Pourquoi donc les colons, pour instaurer un pouvoir néocolonial massacrèrent-ils autant de Bamiléké ?
On peut facilement imaginer que ces tribus, qui étaient installées sur les montagnes, loin des côtes atlantiques et qui ne subirent pas l’esclavagisme, rejetèrent les envahisseurs dans un instinct collectif de protectionnisme.
Leur suicidaire sédition contre l'occupation française fut la cause de la violente répression qui alla jusqu’aux années 60. C’est en cherchant refuge que beaucoup rejoignirent les rangs de l’UPC qui apparaissait pour les populations maltraitées comme le parti de Robin des Bois.
Les narrateurs des misères africaines estiment à près de six cent mille, dont environ cinq cent mille fils Bamilékés, les victimes de ce génocide post colonial. Performance ridicule, comparée au Rwanda.
C’est ainsi que naquit chez ces hommes, la peur des autorités établies que M. Ahidjo incarna pendant près de trois décennies.
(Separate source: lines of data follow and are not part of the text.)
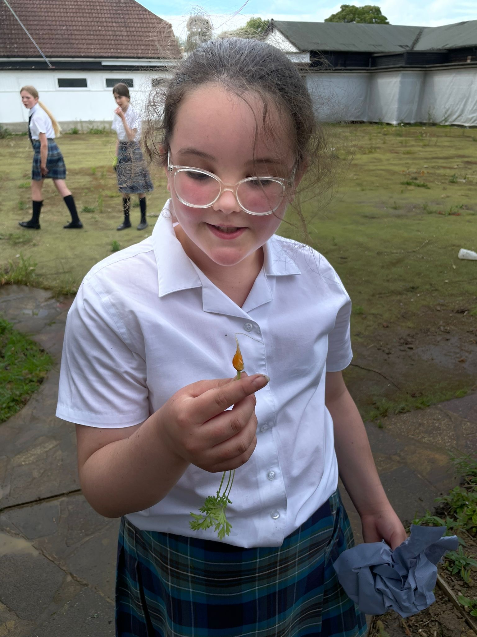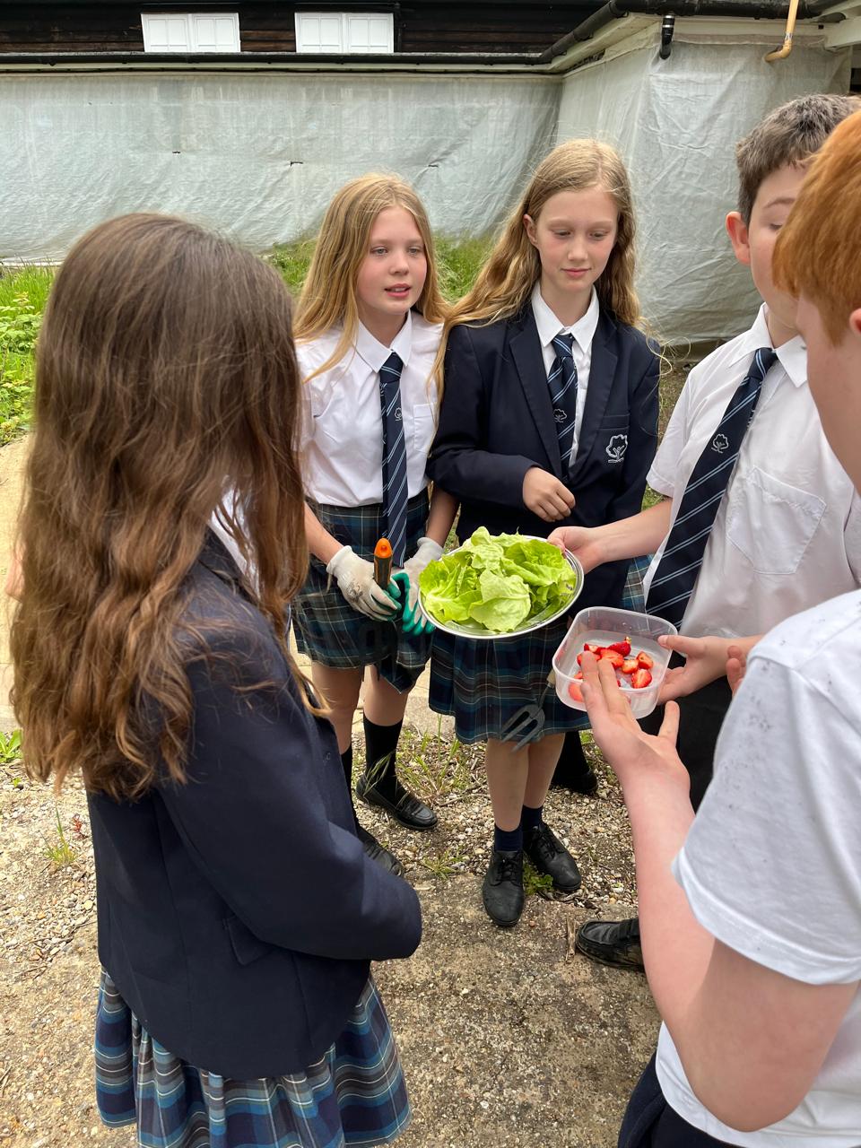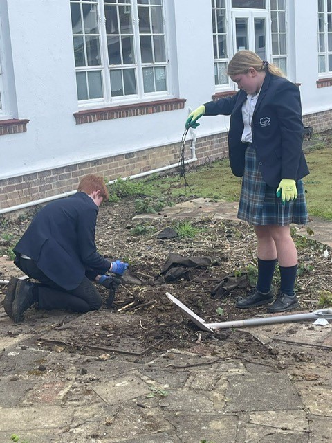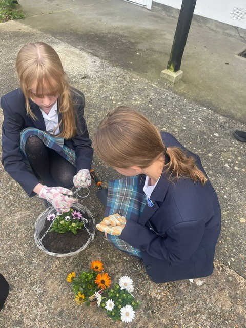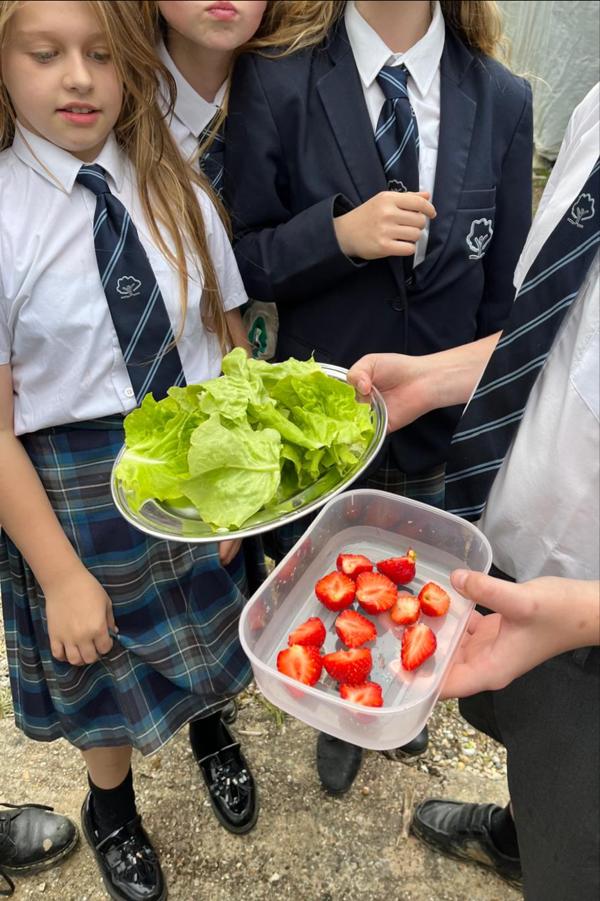 Repotting and stabilising tomato plants by Julia, Evie and Sofia.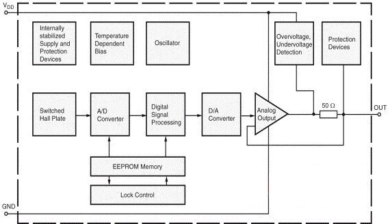 磁場范圍、靈敏度、零點(diǎn)偏移以及溫度系數(shù)的主要參數(shù)等均可在非易失性存儲器里進(jìn)行修訂。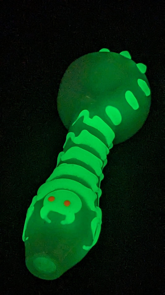 4.5" Centipede Glow In The Dark Glass Spoon White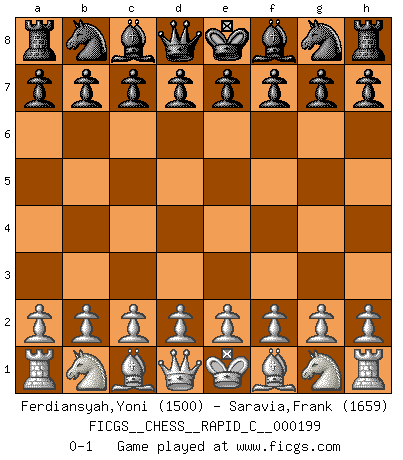 Last move : 0-1 2019 February 1 7:15:0 [Event "FICGS__CHESS__RAPID_C__000199"] [Site "FICGS"] [Date "2019.01.01"] [Round "1"] [White "Ferdiansyah,Yoni"] [Black "Saravia,Frank"] [Result "0-1"] [WhiteElo "1500"] [BlackElo "1659"] 0-1 This chess game has been lost on time (started : 2019.01.01 22:17:16) Player Black won this chess game. Follow this game move after move (download)I thought the most common mistake [in chess] was the first one: Learning the game :P (Garvin Gray, FICGS forum) Ich habe die Schachforschung dermaßen betrieben, dass sie auf eine wissenschaftliche Basis gestellt wurde. (Mikhail Moiseyevich Botvinik) Solo el jugador con la iniciativa tiene el derecho a atacar. (Wilhelm Steinitz) J'ai vu le vaincu d'Echecs jouer des années durant dans l'espoir de la fête de la victoire. Car tu es plus riche de ce qu'elle existe si même elle n'est point pour toi. Ainsi de la perle du fond des mers. (Antoine de Saint-Exupéry) Mandala - that's it! 16x16 squares as multiple of the four and the eight because of the Four Noble Truths and the Noble Eightfold Path. (Heinz-Georg Lehnhoff about Big Chess)
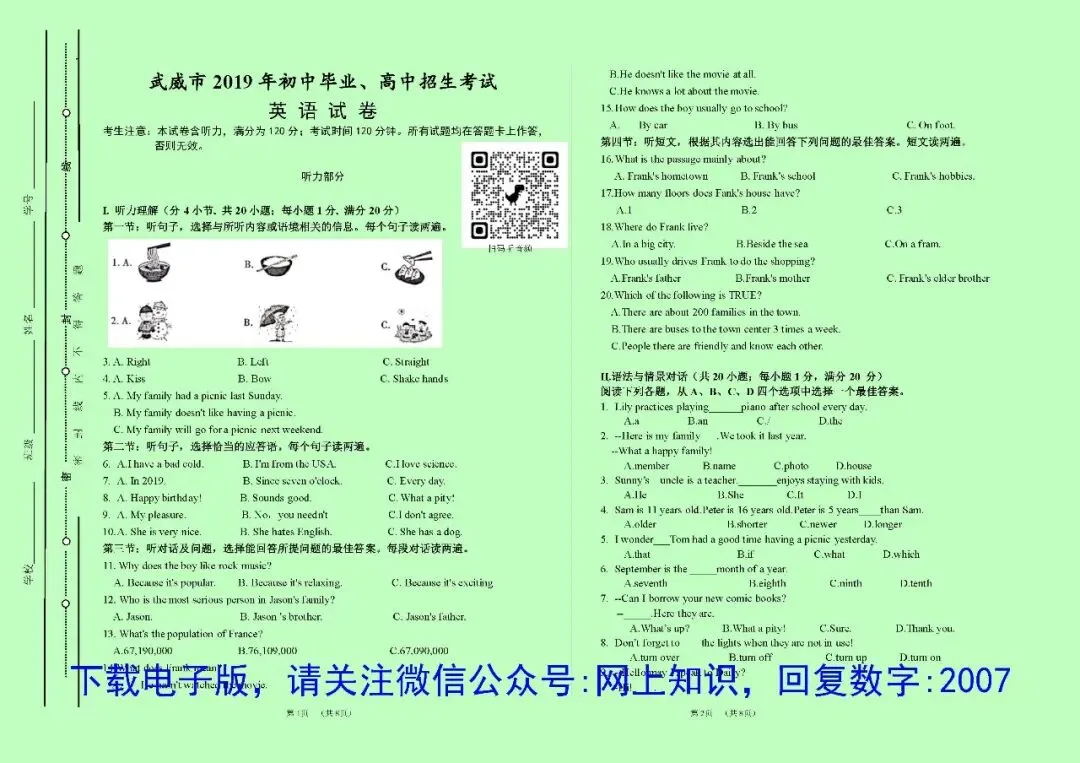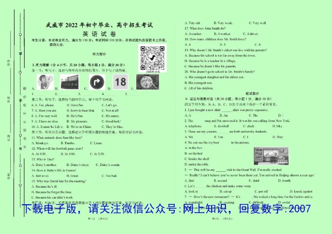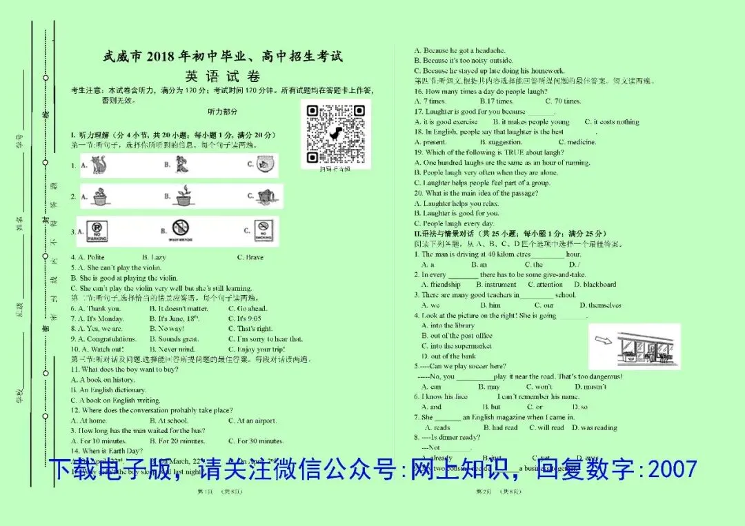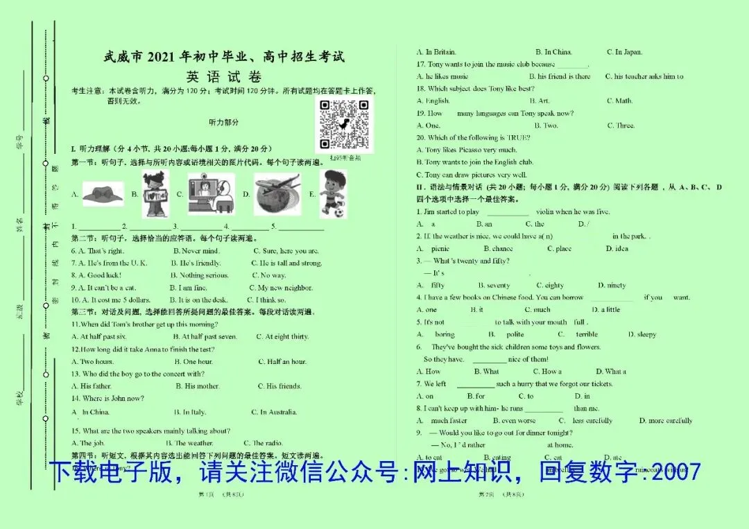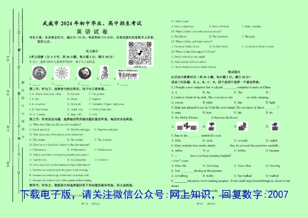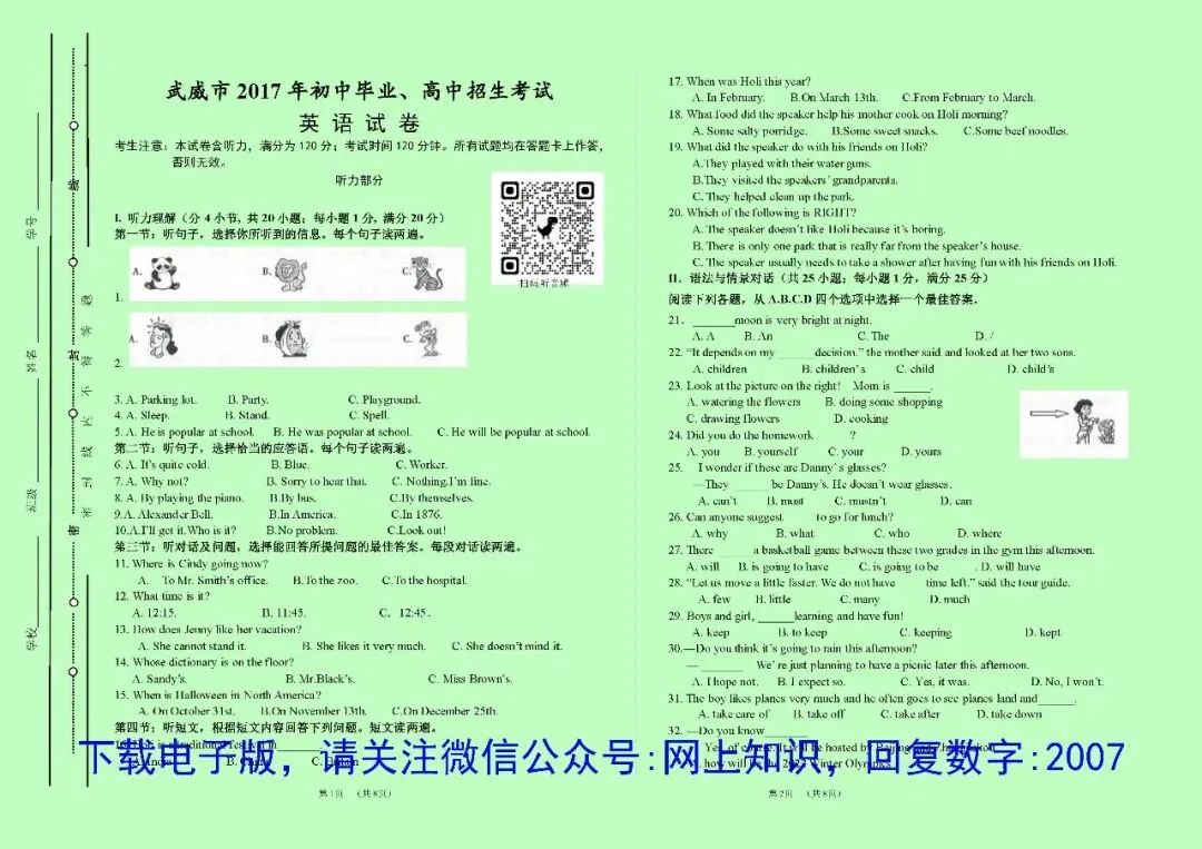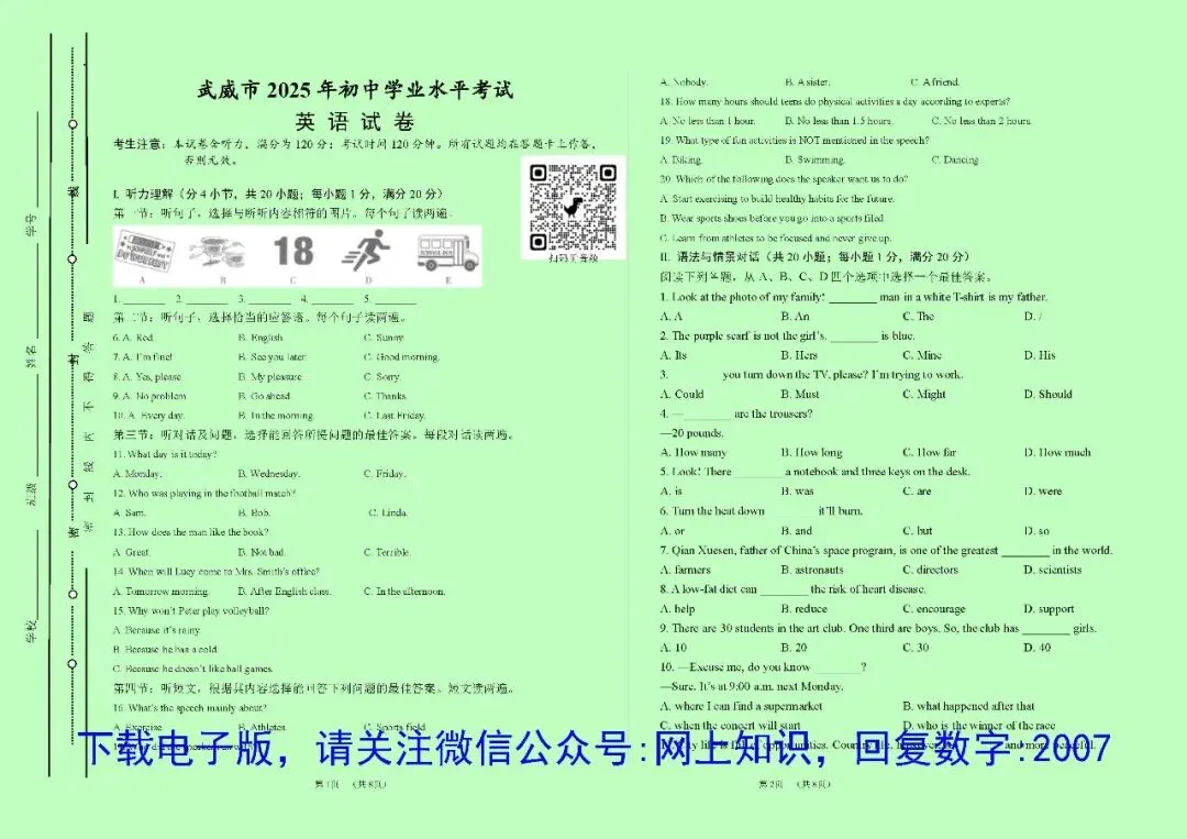 区别是:PDF格式文件不可修改编辑,要使用电脑连接有线打印机打印,不能使用网上无线打印;Word格式文件可以任意编辑、修改、排版;不需要重新编辑的情况,用PDF格式的就可以了,政、史、地、生4科目为A4纸版面,语、数、英、理、化5科目版面大小均为A3纸张,如需印到A4纸,可以在打印设置里面选择缩印到A4,但是内容文字会变小一半,如有特殊需要,可选择Word格式文件自己排版。2017-2025的试卷上均可扫码听听力音频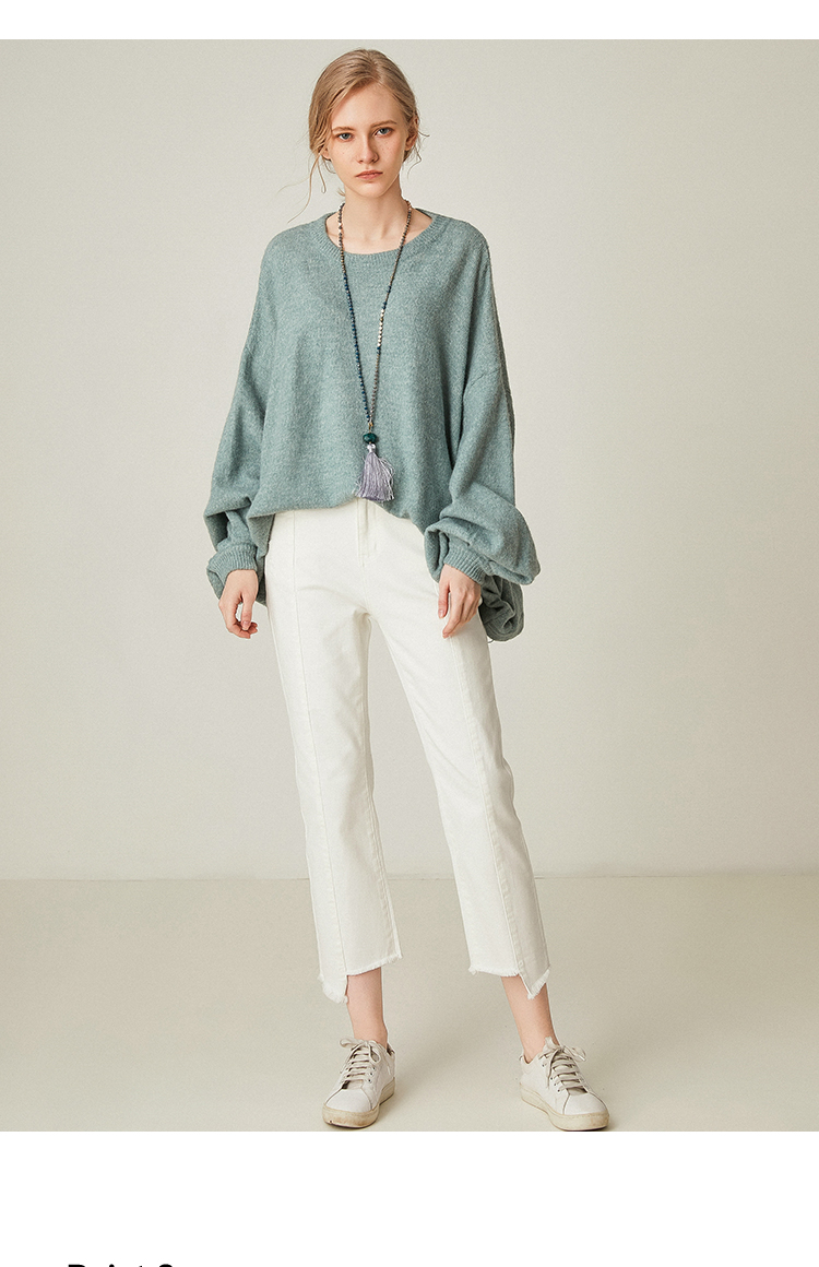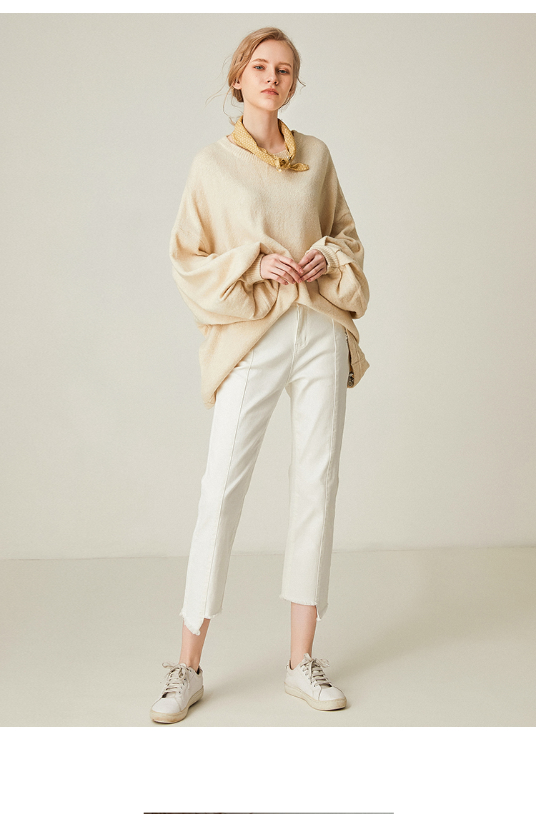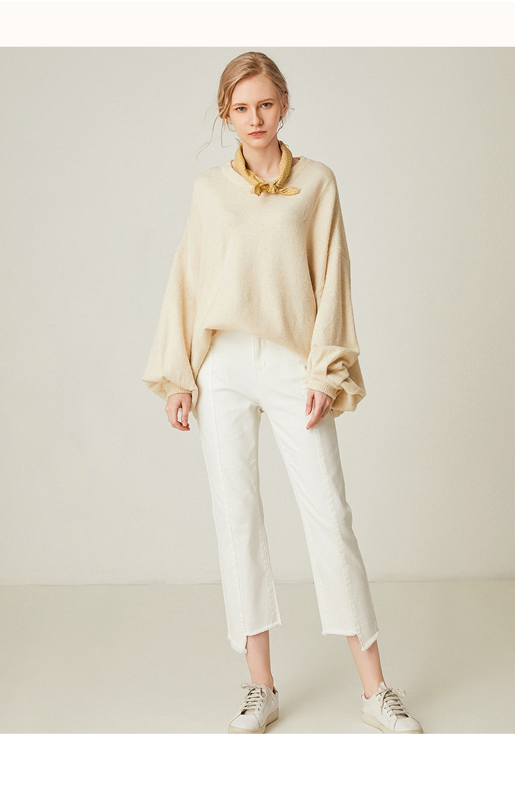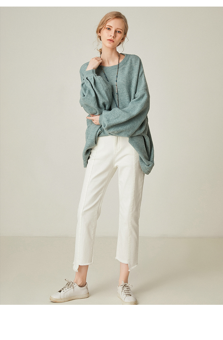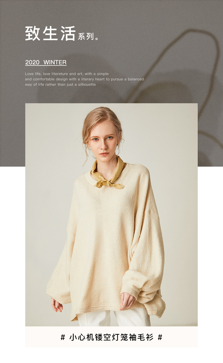 famecoco范可儿设计感慵懒风套头毛衣水滴袖针织衫F191DB128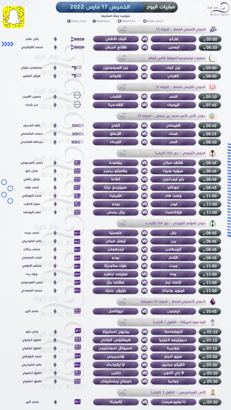 جدول أبرز مباريات الخميس بالبطولات والدوريات الأوروبية

Il apparaissait très clairement, et le Président de la République le savait, que les Bamiléké n'en avaient pas contre sa personne, mais contre un système dont ils redoutaient la manifeste cruauté.
M. Ahidjo réussit tant bien que mal à instaurer un climat relativement paisible, fruit de son innocente dictature en parfaite harmonie et cohabitation avec la répression barbare des puissantes troupes françaises. »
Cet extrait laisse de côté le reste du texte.